## ACTIVITY
Print the listing below exactly, minus its pictures.

Start of DATA

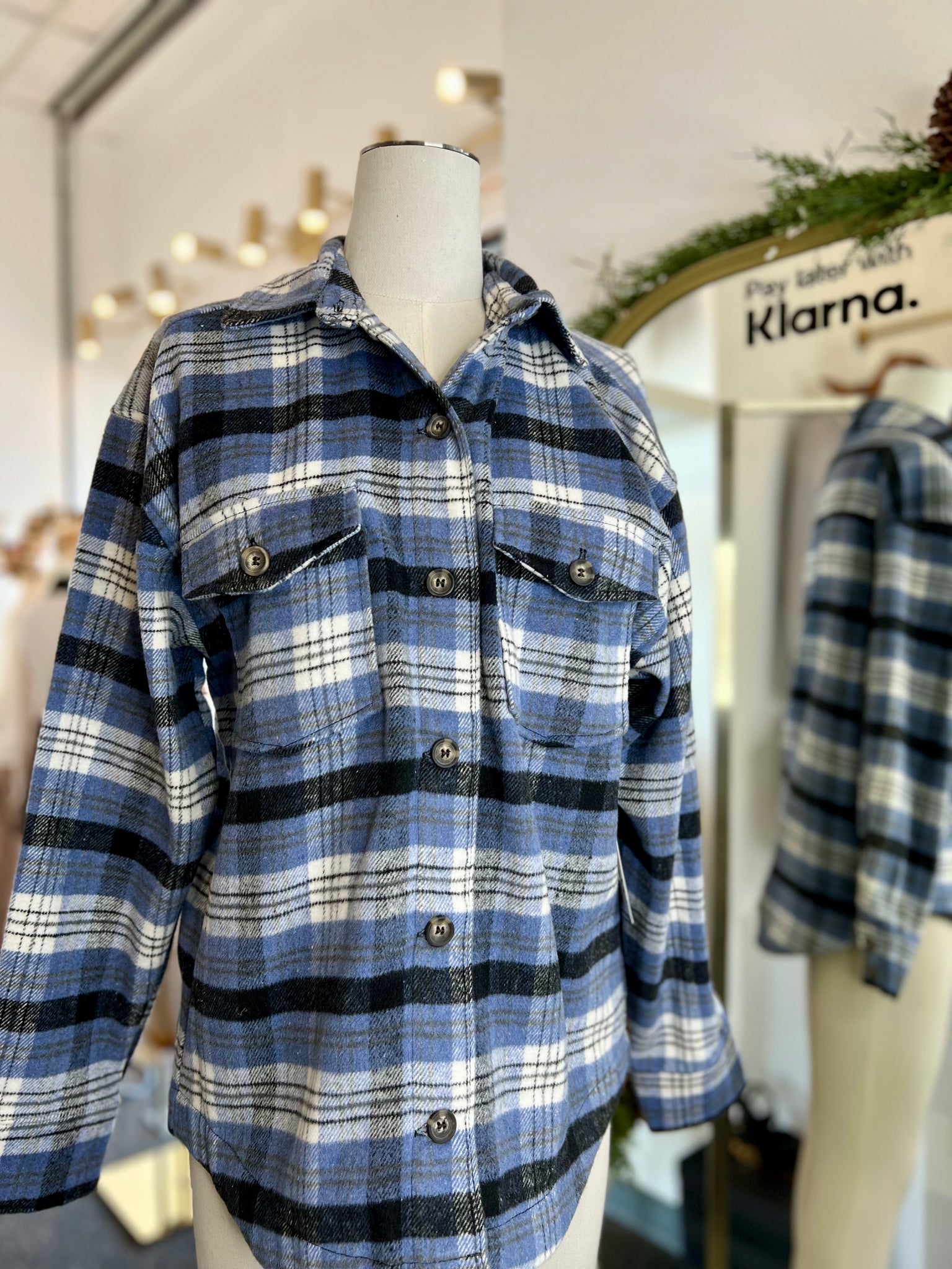 Introducing the Nathalie Plaid Shacket in Blue – your new favorite layering piece! This cozy button-up combines the best of both worlds with a classic plaid design that's perfect for any season. The warm blue tones make it ideal for throwing over your favorite tee or dress, whether you're heading out for coffee or a casual weekend adventure. Soft, stylish, and endlessly versatile, this shacket is ready to become your go-to jacket. Layer it, love it, live in it!
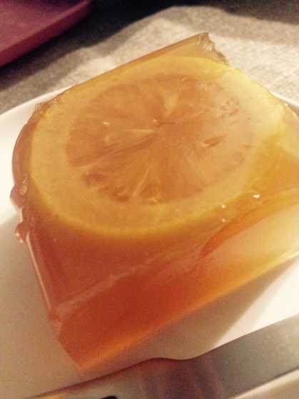 (シロップ漬けのレモンを入れた場合は、切った時にキレイになるように位置を整える)
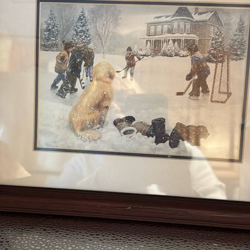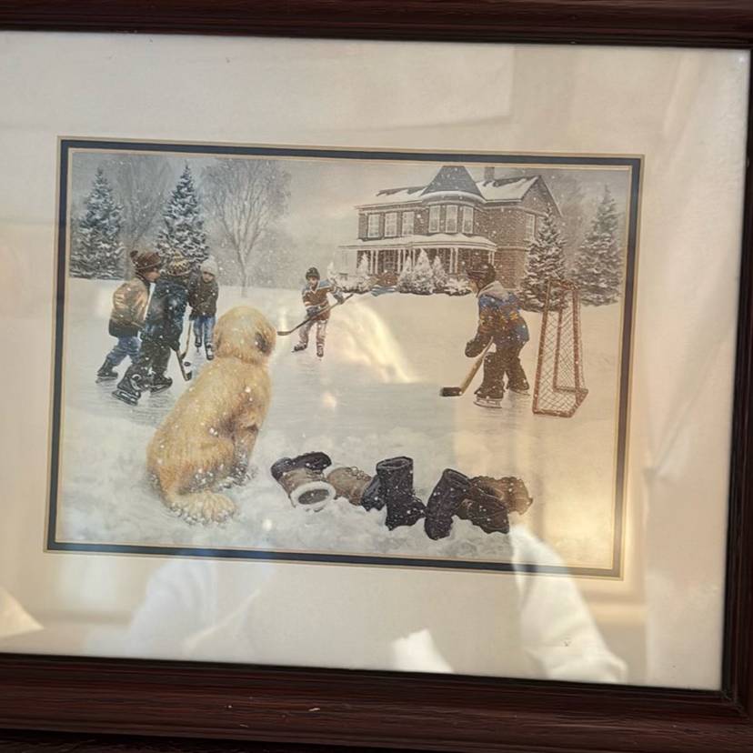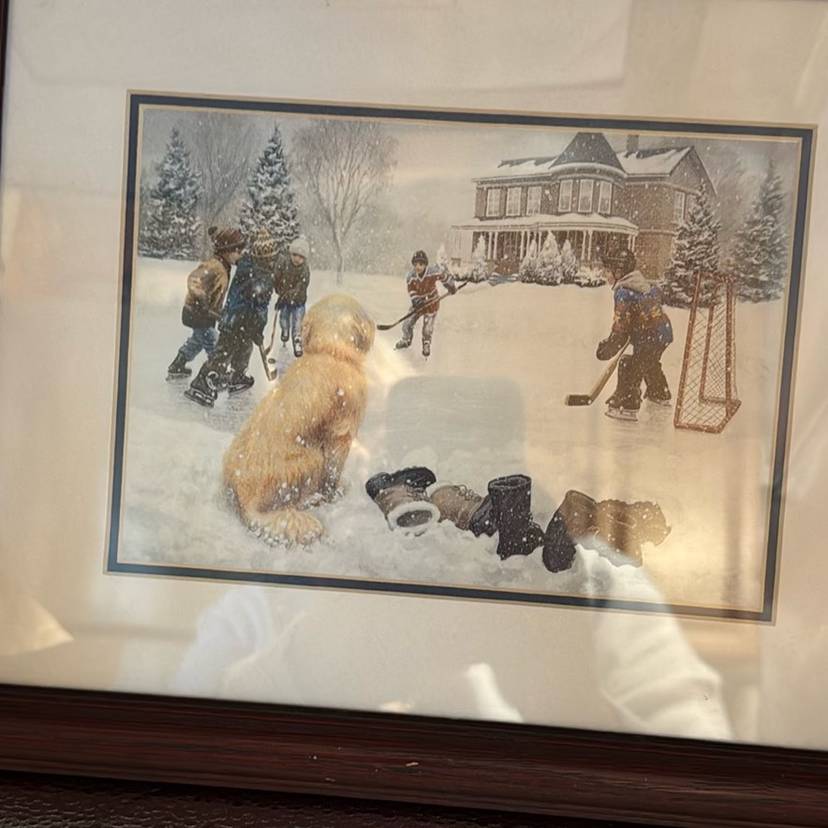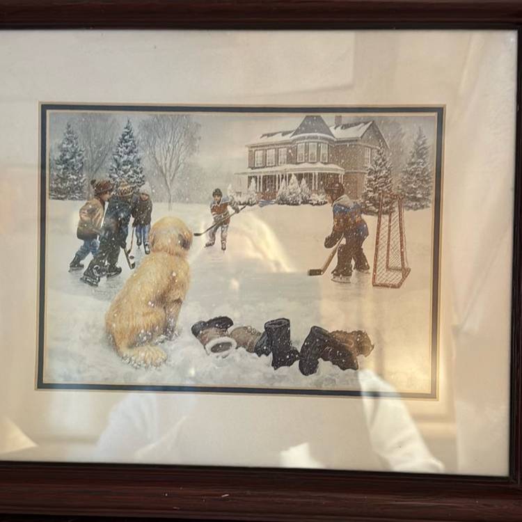 This is a well known print from Mary G Smith’s collection. It’s a beautiful winter scene playing Hockey with the dog watching.

End of DATA

## ANSWER TO THIS TASK
 Introducing the Nathalie Plaid Shacket in Blue – your new favorite layering piece! This cozy button-up combines the best of both worlds with a classic plaid design that's perfect for any season. The warm blue tones make it ideal for throwing over your favorite tee or dress, whether you're heading out for coffee or a casual weekend adventure. Soft, stylish, and endlessly versatile, this shacket is ready to become your go-to jacket. Layer it, love it, live in it!
 (シロップ漬けのレモンを入れた場合は、切った時にキレイになるように位置を整える)
 This is a well known print from Mary G Smith’s collection. It’s a beautiful winter scene playing Hockey with the dog watching.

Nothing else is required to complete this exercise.